Herd cats and make friends: The Gritty Truth About Driving Community Development

Imagine attempting to plan a potluck whereby everyone provides the main course—chaos, right? Most days, that is what Concord Pacific CEO feels like. You have people with quite different tastes in snacks, backgrounds, and eccentricities. Not a stroll in the park here. It’s more like guiding cats through a rain shower.

You will first learn that your hidden weapon is patience. People will surprise you, occasionally with amazing kindness and other times with shockingly intransigence. At a pie-throwing event, you will feel like a referee. You have to keep everyone playing, duck, and grin.

Listening techniques? non-negotiable Too many would-be leaders attempt to guide the ship with their ears blocked. The finest leaders are human sponges—soaking in dreams, grievances, wild ideas. These are the ones who remember your preferred coffee order and the moment your dog disappeared with the local newspaper. Empathy is not only a Sunday vocabulary item. It involves paying attention to someone who lingers in the rear of the room or tuning in when their voice breaks during a group Zoom. Sometimes people convey volumes without using one syllable.

Don’t now mix friendliness with being a pushover. Setting limits is just as important as displaying kindness. Imagine letting the pet iguana of your neighbor fall into your living room—great for a week, disaster by month two. Not as tyrants, but rather as stewards who maintain the peace, leaders set forth clear guidelines. Though you can be friendly, keep in mind that fences create decent neighbors (as well as communities).

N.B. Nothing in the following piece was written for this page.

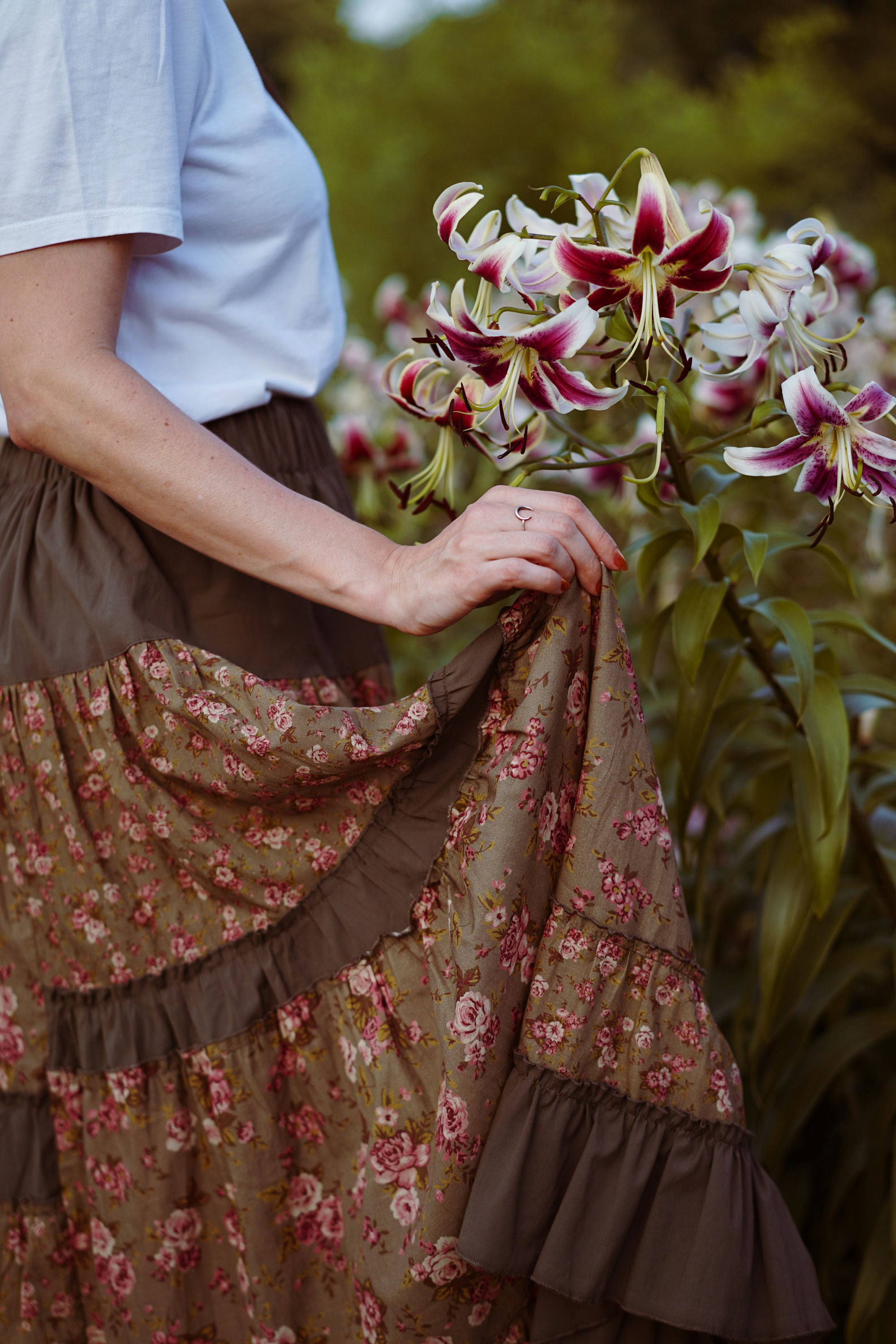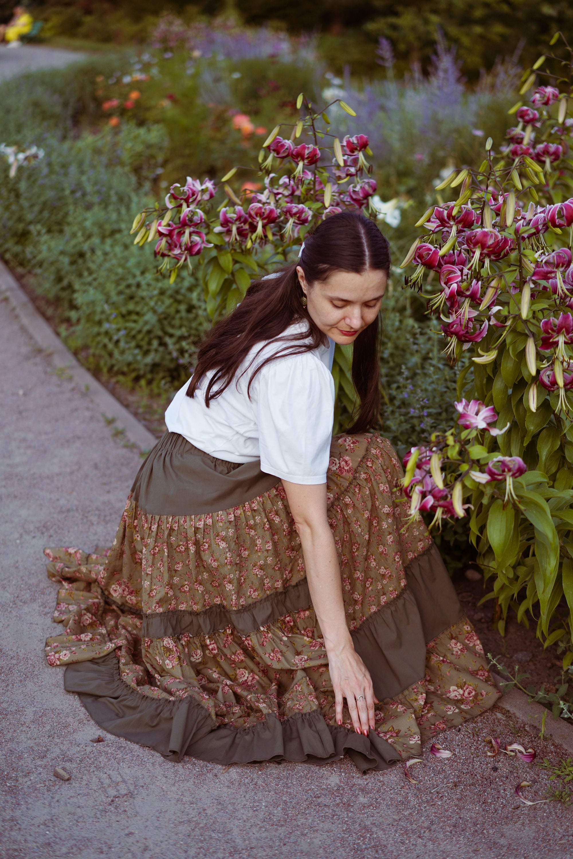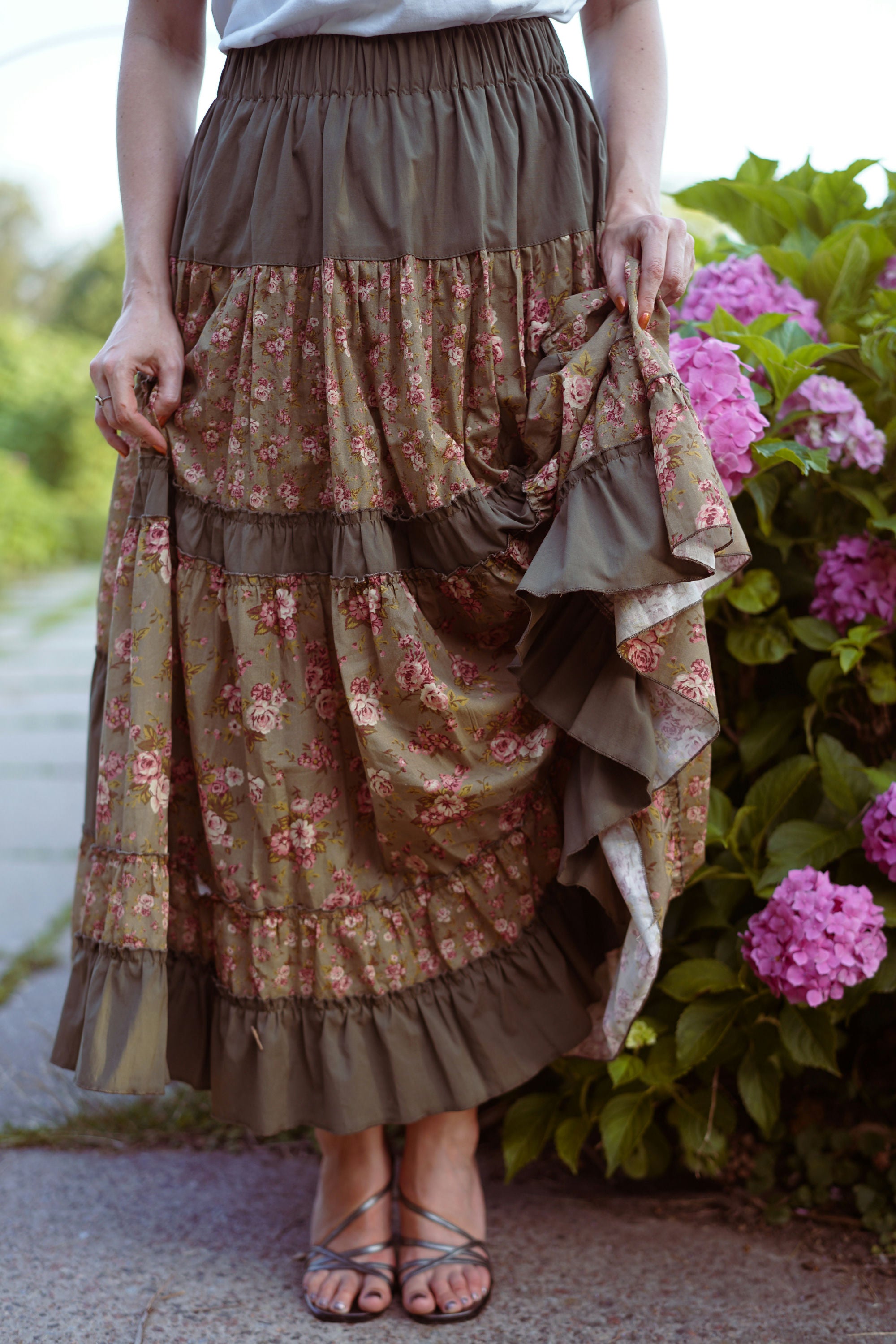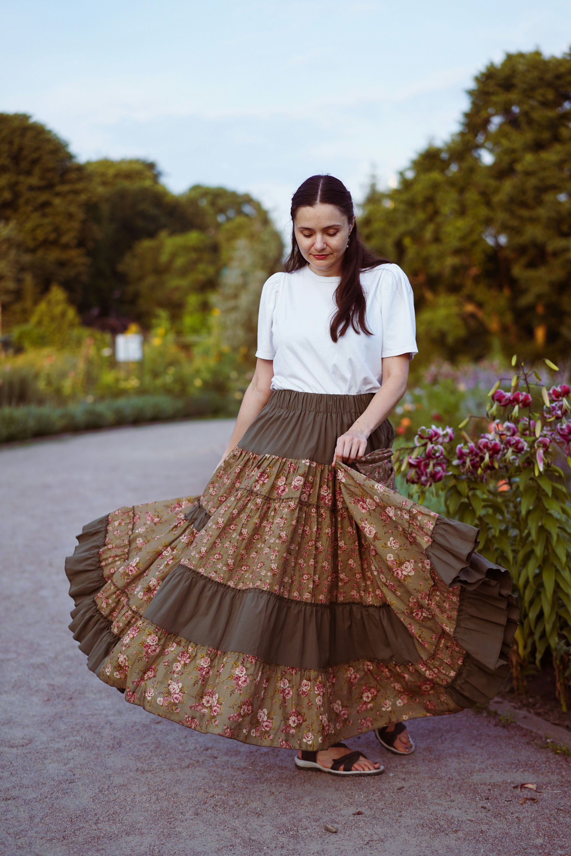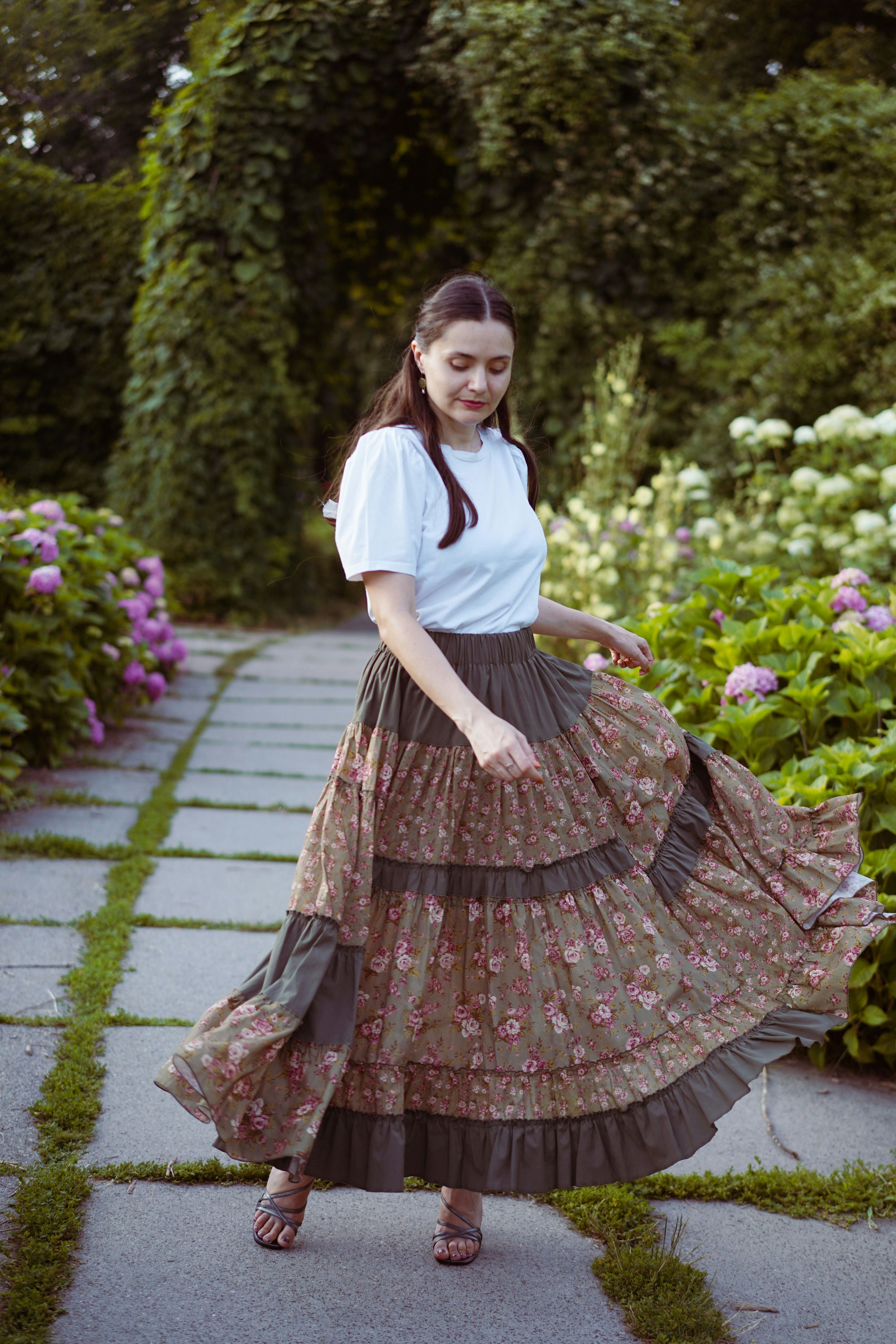 Юбка миди с ярусным кроем и поясом на резинке. Окружность подола — 4 метра. Ткань — батист.

Flexibility lets you negotiate the unavoidable turns in your life. Perhaps you arrange a group cleanup, but Mother Nature has other ideas for mischief. The finest leaders can change their plans, call for a bake sale instead—perhaps get lighthearted about it. Not the enemy is change; rigidity is. If you want consistency, try working at home alone knitting.

Humor keeps grudges at distance and spirits up. Sometimes cracking a joke and owning, “Well, that didn’t go as planned!” is the only way out of a sticky scenario. This kind of vulnerability makes others comfortable as well. It’s okay to show everyone else that you are also working through difficulties.

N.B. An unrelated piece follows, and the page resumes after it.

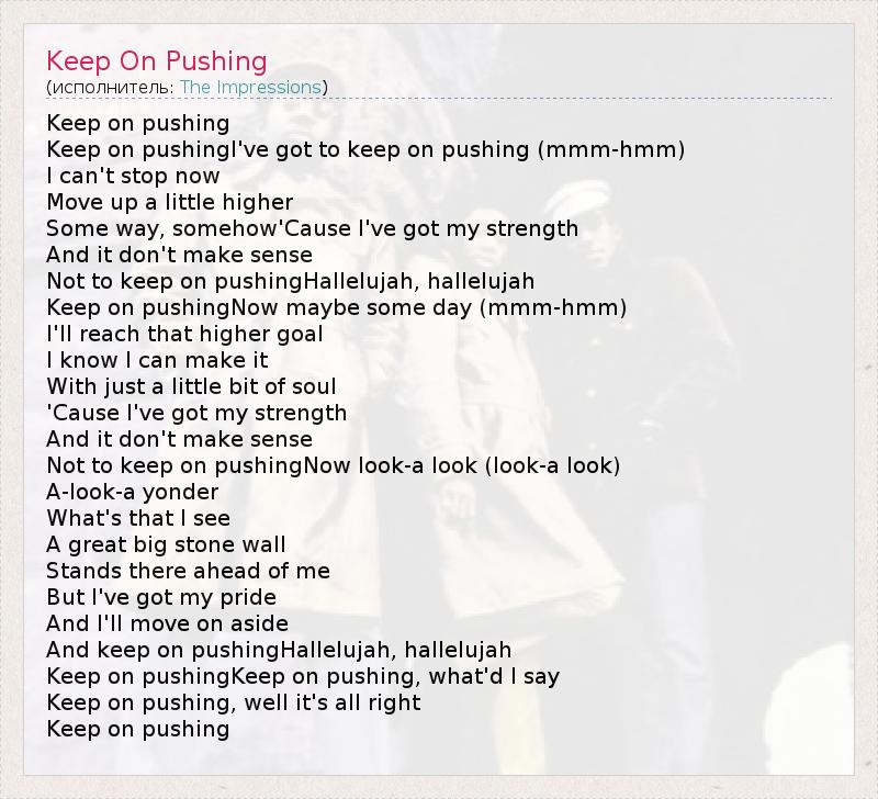 Keep on pushingI've got to keep on pushing (mmm-hmm)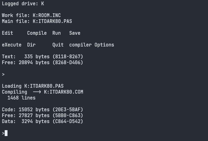 TLDR; I’ve released the first version of my rogue-like game - “In The Dark” for CP/M, DOS and modern systems. You can download the binaries for each system and source code from GitHub. I hope you enjoy it.

The currency of trust is openness. Share updates even in cases when the news is not bright. Unlike Halloween sweets, do not hoard knowledge. Communities live on integrity rather than surprises. Should you slip-up—and you will—own it. Truth-tellers—even flawed ones—are respected by others.

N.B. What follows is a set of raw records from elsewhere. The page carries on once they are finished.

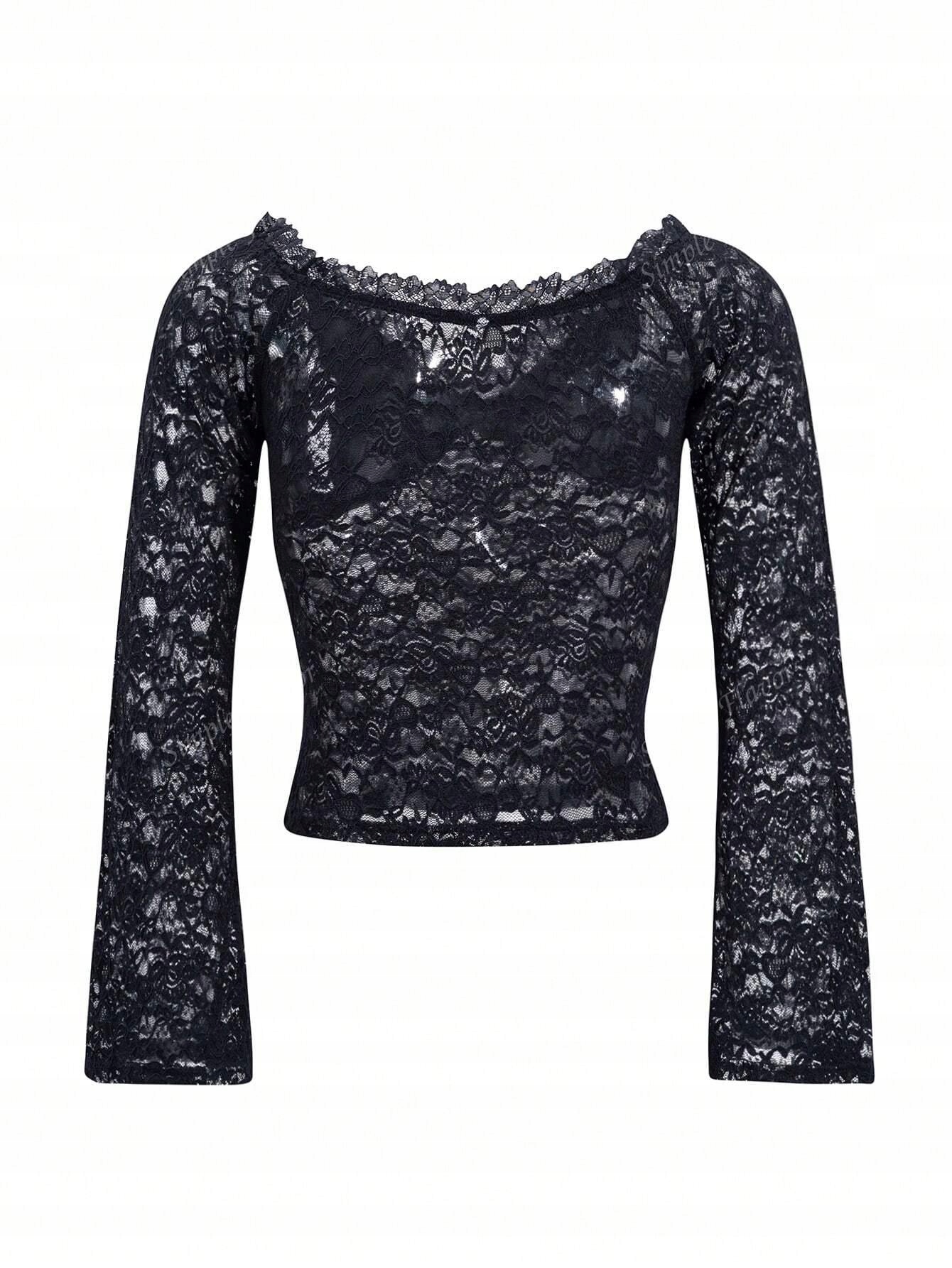 КРУЖЕВНОЙ ТОП S С ДЛИННЫМИ РУКАВАМИ
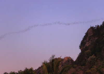 Every evening in Cha-am, a remarkable natural spectacle unfolds at Na Yang Bat Cave. As dusk settles, more than a million wrinkle-lipped bats pour out of the cave in a continuous stream, creating twisting patterns across the sky that stretch for over 10 kilometres.
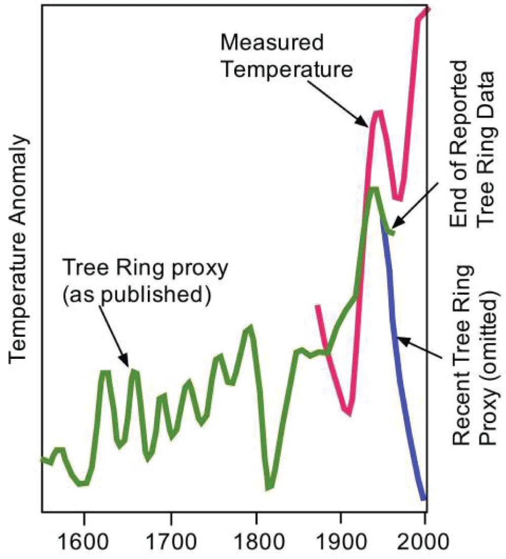 The apparent goal was to preserve the hockey stick, which was felt to be necessary to show that rising greenhouse gases in the 20th century was the unique cause of continuously rising temperatures. The “solution” to the problem of this “divergence” [of tree ring data from reality] was “the trick” (as stated by one of the climatologists) of not showing the down trending proxy data in the late 20th century, and replacing it with measured temperatures that were rising. A hacked email by Phil Jones said:

Grand gestures or large speeches are not what courage is about. There are moments when the lone visitor is gently invited to sit at your table. Alternatively standing up when a difficult conversation has to be had. In this regard, bravery is being the first to ask, “Hey, could we try something different?” or “I believe we could perform better.”

Passion is your fuel tank at last. When turnout is low, tempers run strong, or the “thank yous” are few on the ground, you need gasoline to keep on. Help yourself to remember why you began. Was the delight of linking people? The delight in witnessing neighbors watch out for one another? Even if you have to dance in your kitchen to your community music at two AM, find your fire and fan it.

One does not have to be flawless in order to lead in community development. You only have to show there, pay attention, and hang on for the trip. The rest is That is where the magic occurs, though.